Early life and education
Engler, a Roman Catholic, was born in Mount Pleasant, Michigan, on October 12, 1948, to Mathias John Engler and his wife, Agnes Marie (née Neyer), but grew up on a cattle farm near Beal City.

He attended Michigan State University, graduating with a degree in agricultural economics in 1971, and Thomas M. Cooley Law School, graduating with a Doctor of Jurisprudence degree in 1981.
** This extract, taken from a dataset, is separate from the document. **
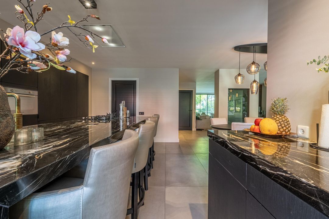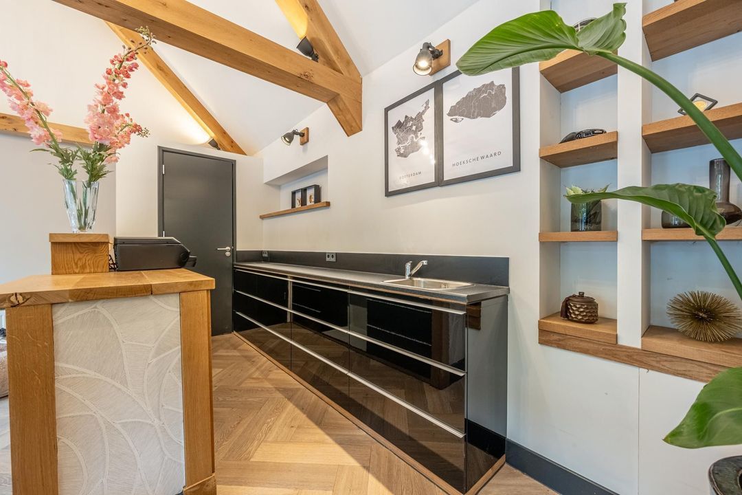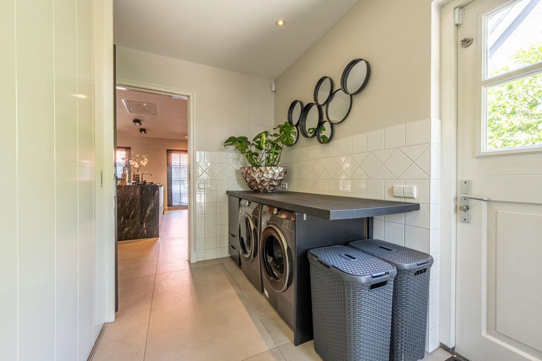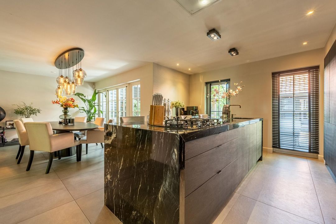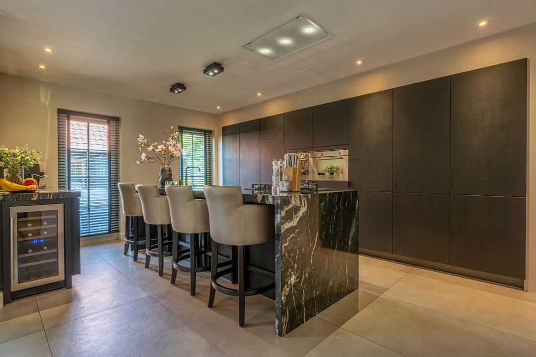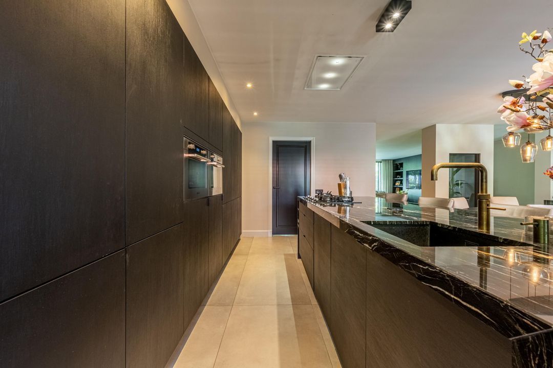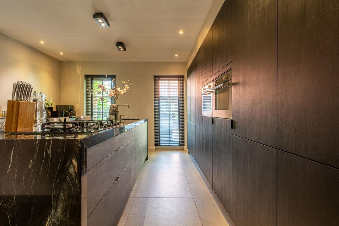 De keukenwand geeft ruimte aan een koelkast, vriezer, stoomoven en combimagnetron. Het kookeiland is voorzien van alle een 5-pits gasfornuis met afzuigkap, wasbak met Quooker, de vaatwasser en ruimte voor gasten aan de bar. Daarnaast is er een koffiecorner met wijnklimaatkast. Aangrenzend bevindt zich een praktische bijkeuken met wasmachine- en droger opstelling en toegang tot de zijtuin.

He was elected to the Michigan House of Representatives as a state representative in 1970 at the age of 22. He served in the House from 1971 to 1978. His campaign manager in that first election was a college friend, Dick Posthumus. Engler later became the first Republican youth vice-chair for the Michigan Republican Party, defeating future U.S. Senator Spencer Abraham. Posthumus later went on to be elected a state senator, Senate Majority Leader and Lieutenant Governor. He was Engler's running mate in the 1998 election and served from 1999 to 2003.

Career

Governorship
Engler's administration was characterized by privatization of state services, income tax reduction, a sales tax increase, educational reform, welfare reform, and major reorganization of executive branch departments.

In 1996, he was elected chairman of the Republican Governors Association, and in 2001, he was elected to head the National Governors Association.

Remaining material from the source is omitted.